What is needed:
Transcribe every entry verbatim; omit pictures.

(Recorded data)
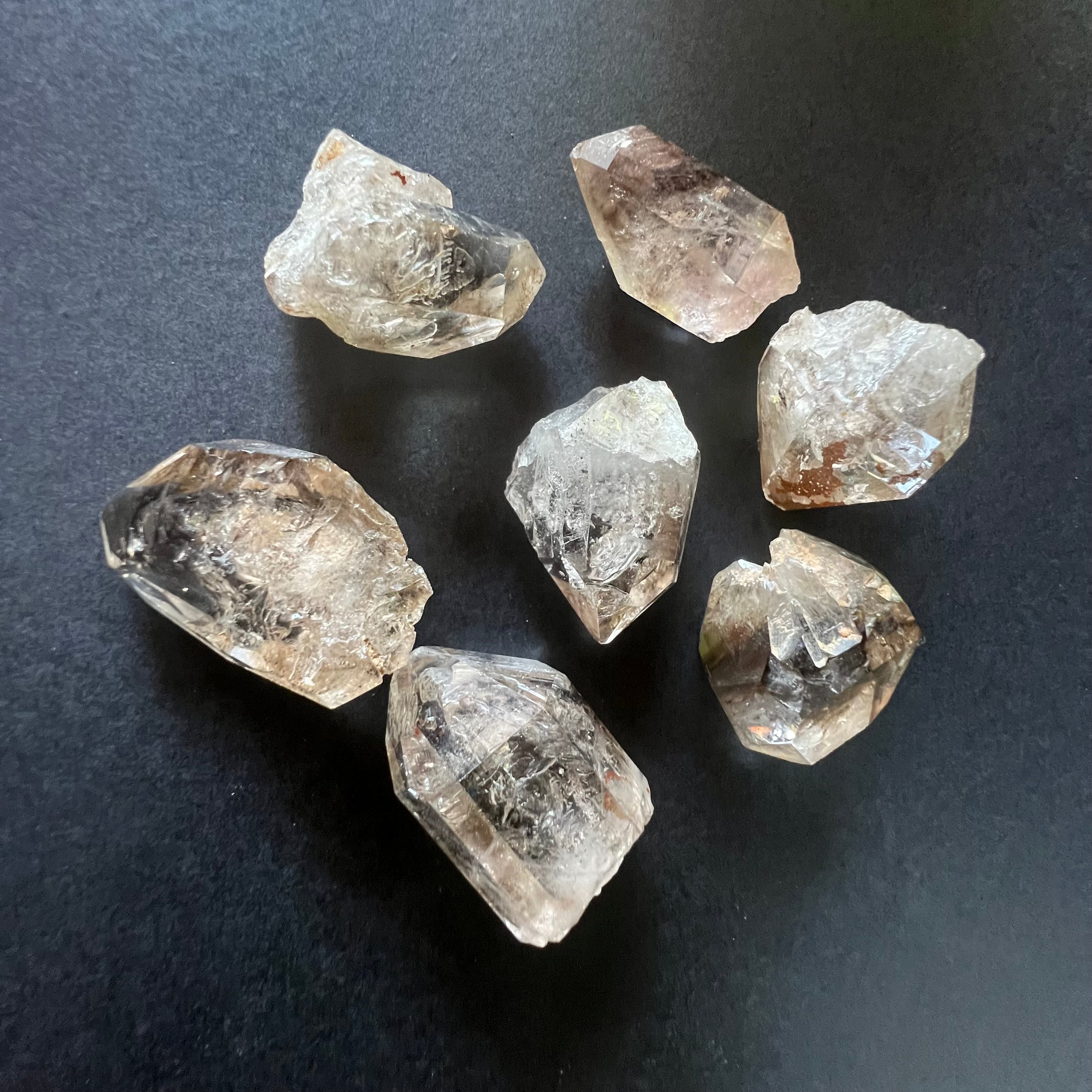 Füstkvarc, Brandberg bánya, kb. 2,5-3 cm-es méretben. Az egyik kvarcot fogja megkapni a képen látható darabok közül.
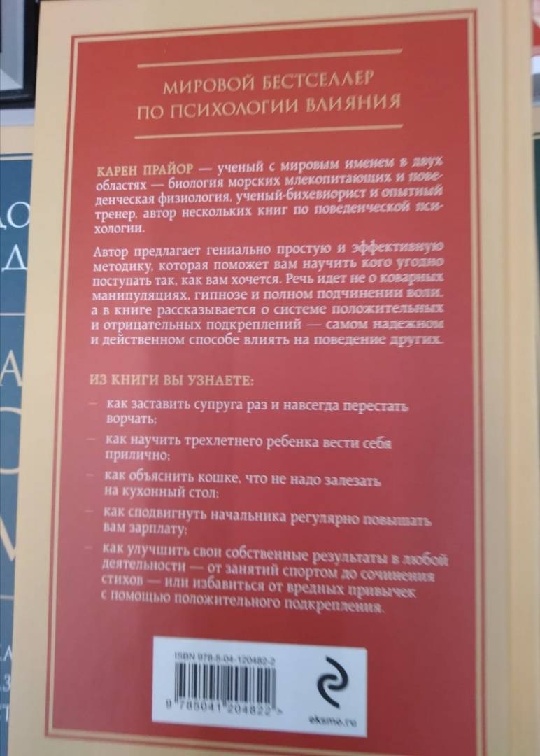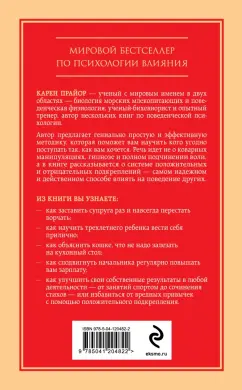 ОписаниеМИРОВОЙ БЕСТСЕЛЛЕР ПО ПСИХОЛОГИИ ВЛИЯНИЯКарен Прайор — ученый с мировым именем в двух областях — биология морских млекопитающих и поведенческая физиология, ученый-бихевиорист и опытный тренер, автор нескольких книг по поведенческой психологии.Автор предлагает гениально простую и эффективную методику, которая поможет вам научить кого угодно поступать так, как вам хочется. Речь идет не о коварных манипуляциях, гипнозе и полном подчинении воли, а в книге рассказывается о системе положительных и отрицательных подкреплений — самом надёжном и действенном способе влиять на поведение другихИз книги вы узнаете:- как заставить супруга раз и навсегда перестать ворчать;- как научить трехлетнего ребенка вести себя прилично; - как объяснить кошке, что не надо залезать на кухонный стол; - как сподвигнуть начальника регулярно повышать вам зарплату; - как улучшить свои собственные результаты в любой деятельности – от занятий спортом до сочинения стихов или избавиться от вредных привычек с помощью положительного подкрепления.СвернутьМИРОВОЙ БЕСТСЕЛЛЕР ПО ПСИХОЛОГИИ ВЛИЯНИЯКарен Прайор — ученый с мировым именем в двух областях — биология морских млекопитающих и поведенческая физиология, ученый-бихевиорист и опытный тренер, автор нескольких книг по поведенческой психологии.Автор предлагает гениально простую и эффективную методику, которая поможет вам научить кого угодно поступать так, как вам хочется. Речь идет не о коварных манипуляциях, гипнозе и полном подчинении воли, а в книге рассказывается о системе положительных и отрицательных подкреплений — самом надёжном и действенном способе влиять на поведение другихИз книги вы узнаете:- как заставить супруга раз и навсегда перестать ворчать;- как научить трехлетнего ребенка вести себя прилично; - как объяснить кошке, что не надо залезать на кухонный стол; - как сподвигнуть начальника регулярно повышать вам зарплату; - как улучшить свои собственные результаты в любой деятельности – от занятий спортом до сочинения стихов или избавиться от вредных привычек с помощью положительного подкрепления.СвернутьСвернуть
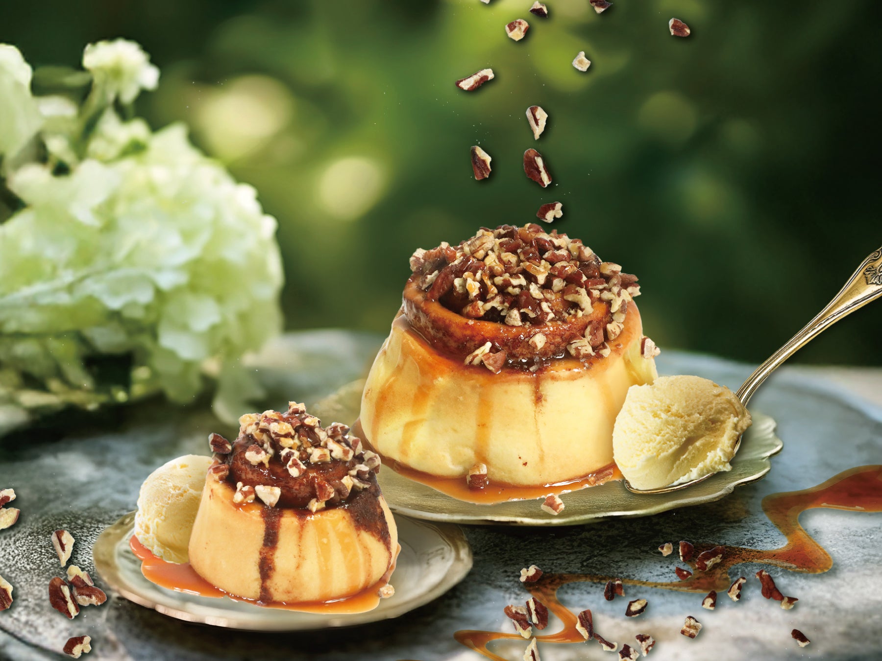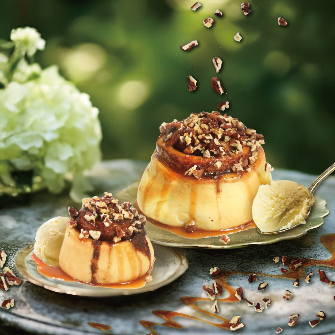 ふわふわのプレーンシナモンロールに、とろけるキャラメルソースをかけ、香ばしくローストしたピーカンナッツを贅沢にトッピング。
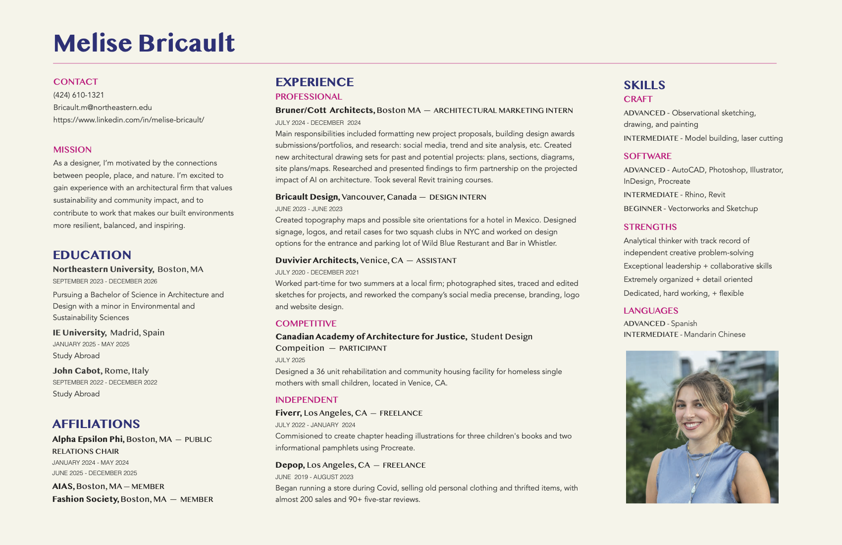 Senior undergraduate student at Northeastern University studying Architecture, Design, and Environmental Science.
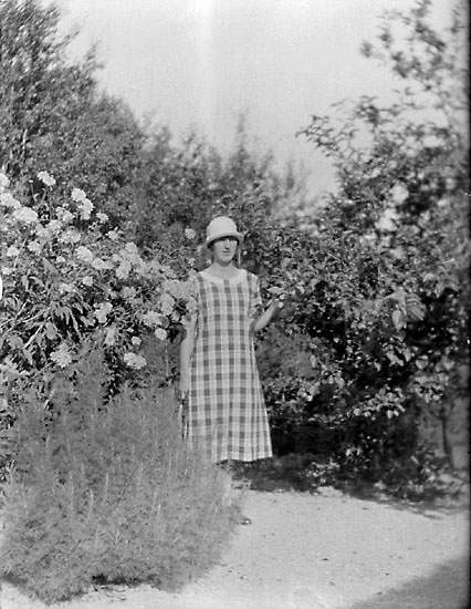 En kvinna, syster till fotografen, i rutig klänning och hatt poserar i trädgården på Rultane, Hedekas, vid en blomrabatt med bland annat rudbeckia (gullboll), åbrodd och till höger en buske av något slag.
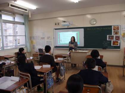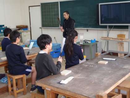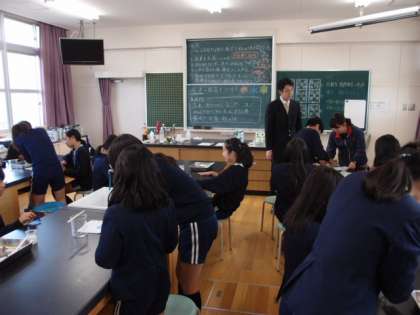 6年生が進学先中学校になる放出中学校で体験学習をさせていただきました。上の写真は授業体験をさせていただいている様子です。
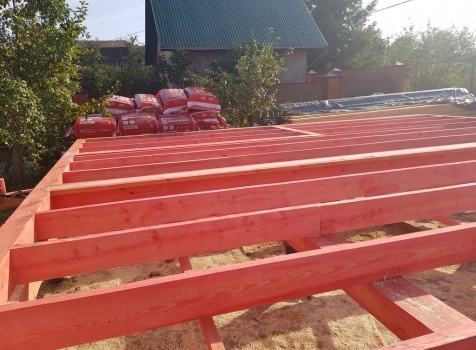 Лаги: из бруса 50х200 через шаг 60см.
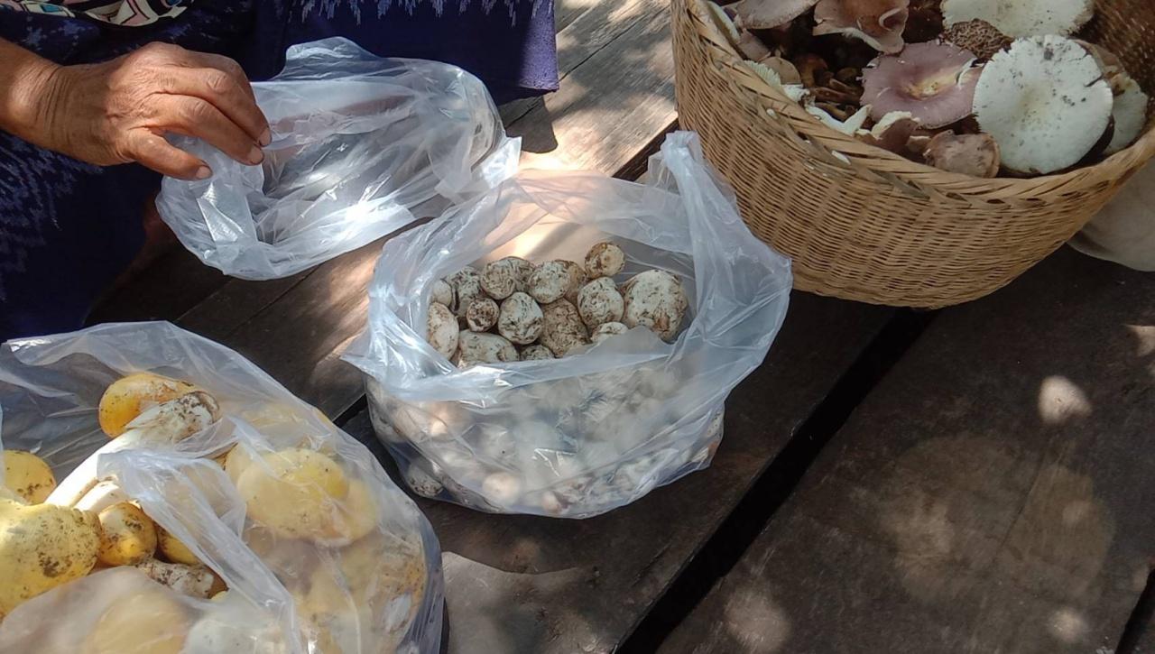 纳扬克拉克区的村庄旁,是沙艾县通往贴沙提县的路,车辆来来往往,不少人会停车买菌子。猜也蓬贴沙提县班莱和邦诺的山里会长各种菌子,如凤头菌、蜜蜂菌等。
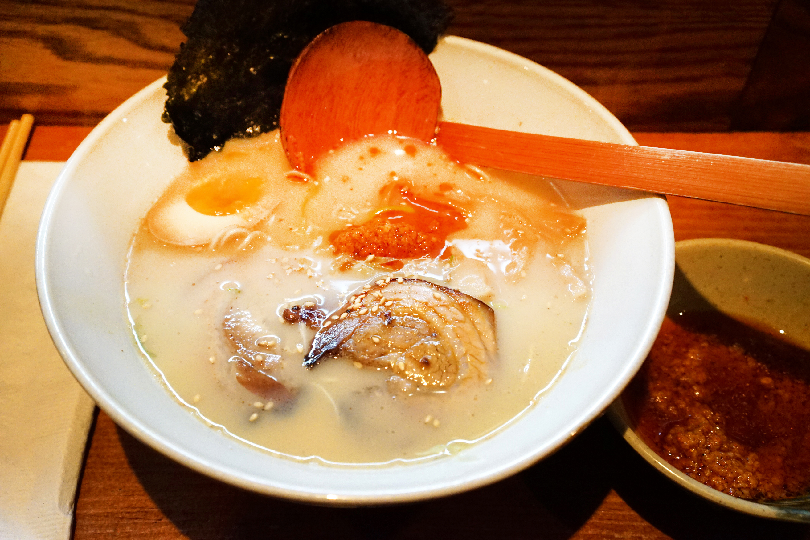 It was pretty good. I had the tonkotsu broth with the spicy shit on the side. Noodles were a little over cooked, but the components and broth were all pretty good. Even with just a little bit of the spicy blob, this thing packed some kick. The spicy paste is also rich with a fermented garlic flavor as well. I’ve had better, softer meat in other places, and some of the mushrooms were a bit chewy, but otherwise I did enjoy it.
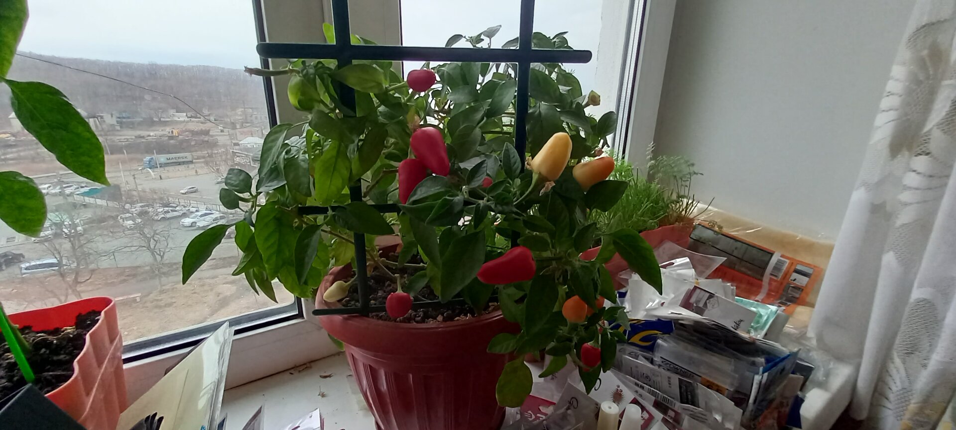 Это специательно комнатный? У меня растет "еврейский" - семена привезены из Израиля. Он чуть помельче, не краснеет (остается желтым). Ацццки крепкий. Недостаток - оооочень туго всходят семена. Одно взошедшее семечко из 30-40.Приправа спеет

Task output:
 Füstkvarc, Brandberg bánya, kb. 2,5-3 cm-es méretben. Az egyik kvarcot fogja megkapni a képen látható darabok közül.
 ОписаниеМИРОВОЙ БЕСТСЕЛЛЕР ПО ПСИХОЛОГИИ ВЛИЯНИЯКарен Прайор — ученый с мировым именем в двух областях — биология морских млекопитающих и поведенческая физиология, ученый-бихевиорист и опытный тренер, автор нескольких книг по поведенческой психологии.Автор предлагает гениально простую и эффективную методику, которая поможет вам научить кого угодно поступать так, как вам хочется. Речь идет не о коварных манипуляциях, гипнозе и полном подчинении воли, а в книге рассказывается о системе положительных и отрицательных подкреплений — самом надёжном и действенном способе влиять на поведение другихИз книги вы узнаете:- как заставить супруга раз и навсегда перестать ворчать;- как научить трехлетнего ребенка вести себя прилично; - как объяснить кошке, что не надо залезать на кухонный стол; - как сподвигнуть начальника регулярно повышать вам зарплату; - как улучшить свои собственные результаты в любой деятельности – от занятий спортом до сочинения стихов или избавиться от вредных привычек с помощью положительного подкрепления.СвернутьМИРОВОЙ БЕСТСЕЛЛЕР ПО ПСИХОЛОГИИ ВЛИЯНИЯКарен Прайор — ученый с мировым именем в двух областях — биология морских млекопитающих и поведенческая физиология, ученый-бихевиорист и опытный тренер, автор нескольких книг по поведенческой психологии.Автор предлагает гениально простую и эффективную методику, которая поможет вам научить кого угодно поступать так, как вам хочется. Речь идет не о коварных манипуляциях, гипнозе и полном подчинении воли, а в книге рассказывается о системе положительных и отрицательных подкреплений — самом надёжном и действенном способе влиять на поведение другихИз книги вы узнаете:- как заставить супруга раз и навсегда перестать ворчать;- как научить трехлетнего ребенка вести себя прилично; - как объяснить кошке, что не надо залезать на кухонный стол; - как сподвигнуть начальника регулярно повышать вам зарплату; - как улучшить свои собственные результаты в любой деятельности – от занятий спортом до сочинения стихов или избавиться от вредных привычек с помощью положительного подкрепления.СвернутьСвернуть
 ふわふわのプレーンシナモンロールに、とろけるキャラメルソースをかけ、香ばしくローストしたピーカンナッツを贅沢にトッピング。
 Senior undergraduate student at Northeastern University studying Architecture, Design, and Environmental Science.
 En kvinna, syster till fotografen, i rutig klänning och hatt poserar i trädgården på Rultane, Hedekas, vid en blomrabatt med bland annat rudbeckia (gullboll), åbrodd och till höger en buske av något slag.
 6年生が進学先中学校になる放出中学校で体験学習をさせていただきました。上の写真は授業体験をさせていただいている様子です。
 Лаги: из бруса 50х200 через шаг 60см.
 纳扬克拉克区的村庄旁,是沙艾县通往贴沙提县的路,车辆来来往往,不少人会停车买菌子。猜也蓬贴沙提县班莱和邦诺的山里会长各种菌子,如凤头菌、蜜蜂菌等。
 It was pretty good. I had the tonkotsu broth with the spicy shit on the side. Noodles were a little over cooked, but the components and broth were all pretty good. Even with just a little bit of the spicy blob, this thing packed some kick. The spicy paste is also rich with a fermented garlic flavor as well. I’ve had better, softer meat in other places, and some of the mushrooms were a bit chewy, but otherwise I did enjoy it.
 Это специательно комнатный? У меня растет "еврейский" - семена привезены из Израиля. Он чуть помельче, не краснеет (остается желтым). Ацццки крепкий. Недостаток - оооочень туго всходят семена. Одно взошедшее семечко из 30-40.Приправа спеет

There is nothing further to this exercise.